Dr. Jeffrey James, program director of Advanced Education in Oral and Maxillofacial Surgery at DCG, said his department is accustomed to using 3-D printing in areas of virtual surgery for craniofacial defects and anomalies, so the team at DCG used that knowledge to improve the 3-D printed nasal swabs.

“It’s funny because not one individual could have accomplished this by themselves. It took an entire team to develop a prototype that we though would work. But even then, initially speaking, a lot of folks, particularly in medicine, were pretty skeptical,” said James.

“After all, if you ask any layperson about 3-D printing a nasal swab, it doesn’t make much sense because the end of the nasal swab is usually cloth or flocked nylon. It just didn’t compute that you could develop nasal swabs using a 3-D printer,” said James.

The swabs then were printed with 3-D printers in the OMFS and endodontics departments at DCG and provided to Augusta University Health for testing and review.

With feedback from Dr. Allison McMullen from the Department of Pathology and Dr. Michael Groves of Otolaryngology at the Medical College of Georgia at Augusta University, the DCG team was able to reengineer the swab.

“And what I’ve been told is the testing on our 3-D swabs was 100% accurate compared to the original (nasopharyngeal) swabs,” Faigen said. “So, that was very reassuring.”

As a result of DCG’s efforts, AU Health has partnered with the Georgia National Guard to test the 3-D printed nasal swabs that eventually will be used by Georgia health officials across the state.

AU Health and Brigadier General Randall V. Simmons Jr of the Georgia National Guard have asked the DCG to being producing 5,000 nasal swabs a day that will be used throughout Georgia. James admitted that this request was a bit of a surprise.

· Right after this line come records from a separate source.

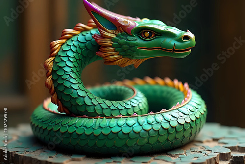 Obraz premium Lunar Chinese Calendar 2025, Close-up of green wooden snake. Carved from wood and painted, intricate details. Symbol of 2025, emphasizing wisdom, flexibility, intelligence and hard work - AI
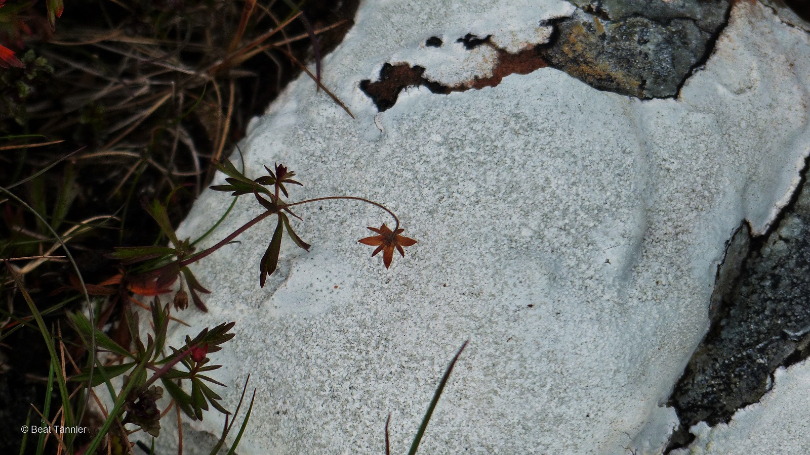 Auch am Boden gibt es einige Trouvaillen zu entdecken. Ein Felsstück im Gras zum Beispiel ist zum grössten Teil mit weissen Flechten überwachsen.
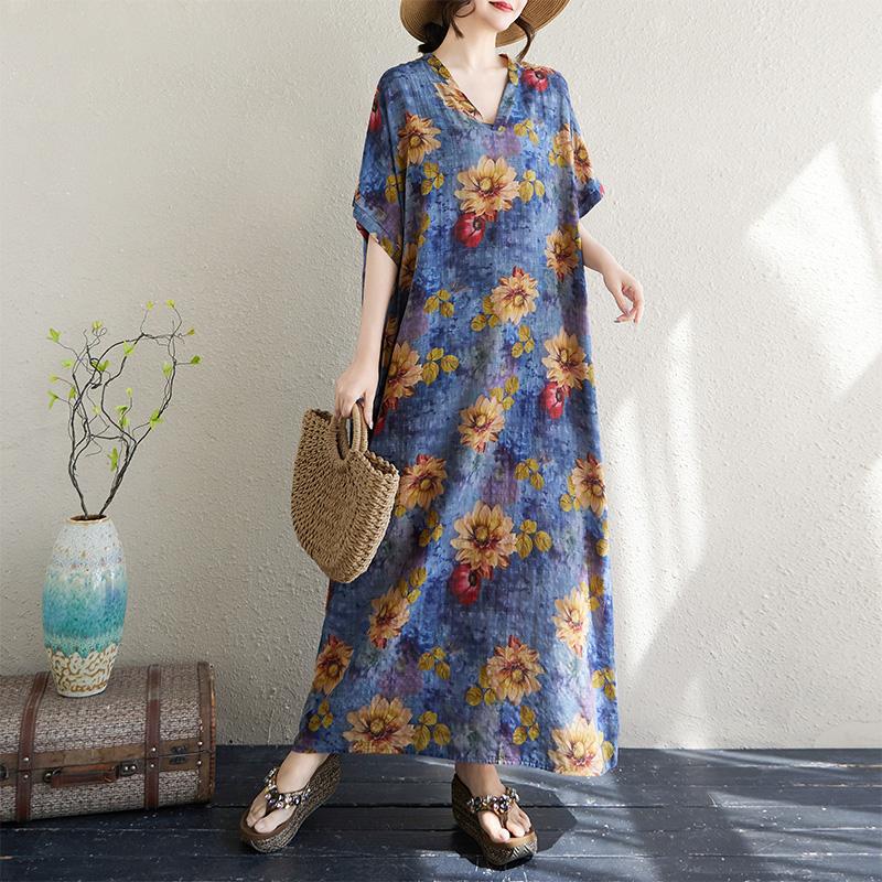 DIMANAF 2025 Лето Большой Размер Новое Платье Пляжное Базовое Свободное Женское Повседневное Платье с Цветочным Принтом V-образный Вырез Длинное Винтажное Платье Макси — купить товар онлайн с бесплатной доставкой по всему миру!
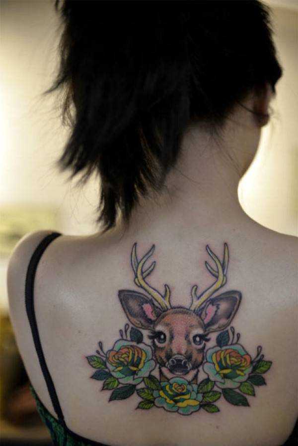 女生后背潮流可爱的小鹿纹身图案_女生纹身图案大全_纹身图吧
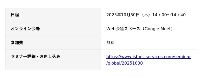 セミナーお申し込みはこちら:https://www.isfnet-services.com/seminar/global/20251030
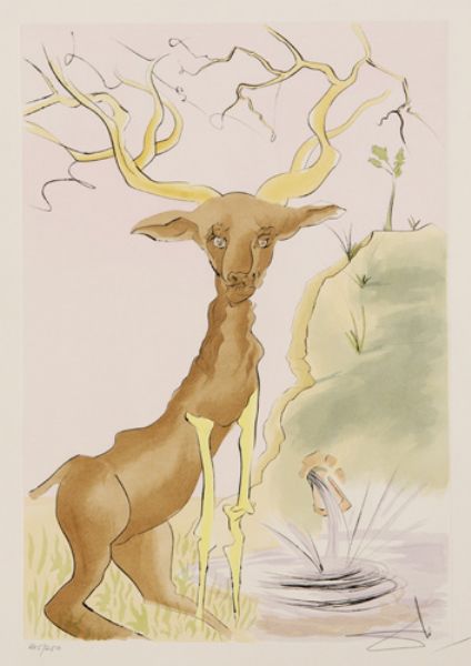 | Der Hirsch, der sich im Wasser spiegelt (Aus der Folge: Le Bestiaire de la Fontaine Dalinisé). | |

“Initially, the conversation was purely about how can we help Augusta, the local community, and AU Health with what we are facing right now,” James said. “We were initially talking about 300 swabs a day. But as the meeting last week continued, they asked, ‘How big could you go?’ Suddenly, they were asking, ‘Jeff, can you do 5,000 swabs a day?’”

Though floored by the request, James was confident his team could get it done. The DCG purchased several additional 3-D printers to meet the demand, and James has personally bought a significant amount of resin to produce the 3-D nasal swabs needed throughout Georgia.

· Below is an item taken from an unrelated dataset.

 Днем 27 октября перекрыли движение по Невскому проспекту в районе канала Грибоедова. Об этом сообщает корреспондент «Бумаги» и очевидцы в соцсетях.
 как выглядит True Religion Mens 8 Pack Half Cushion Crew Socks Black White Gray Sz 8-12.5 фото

The DCG team’s goal is to help provide the state with enough 3-D nasal swabs for the next two weeks to bring everyone one step closer to returning to their normal, daily lives, James said. During this time, other printing sources will be identified.

“Let’s face it. Everyone was a little disgruntled staying at home in the beginning for two weeks. But now, everyone is really getting cabin fever,” James said. “I think we all want to go back to something normal. And I think this is one of the ways that we’ll do it. Testing is key.”

“This capacity reduces the stress on vendors and government entities as we boost testing and get Georgians back into the workplace,” said Georgia Governor Brian Kemp, applauding the DCG’s efforts.

Other residents have joined Faigen and Frazier in taking shifts around the clock to produce the swabs, which is a labor-intensive process, in addition to performing their regular resident duties.

“Of course, just printing them isn’t the end of the story. They must be biologically prepared for human use. They have to be cured, they have to be washed in alcohol, and they have to be sterilized,” said Carol Lefebvre, DDS, MS, dean of DCG.

“Everyone has worked together, and these young residents are just so tech savvy that they feed off one another,” said Lefebvre. “I think that’s the greatest part of all this. It’s really been a group effort. We’ve come together to help the state and truly make a difference.”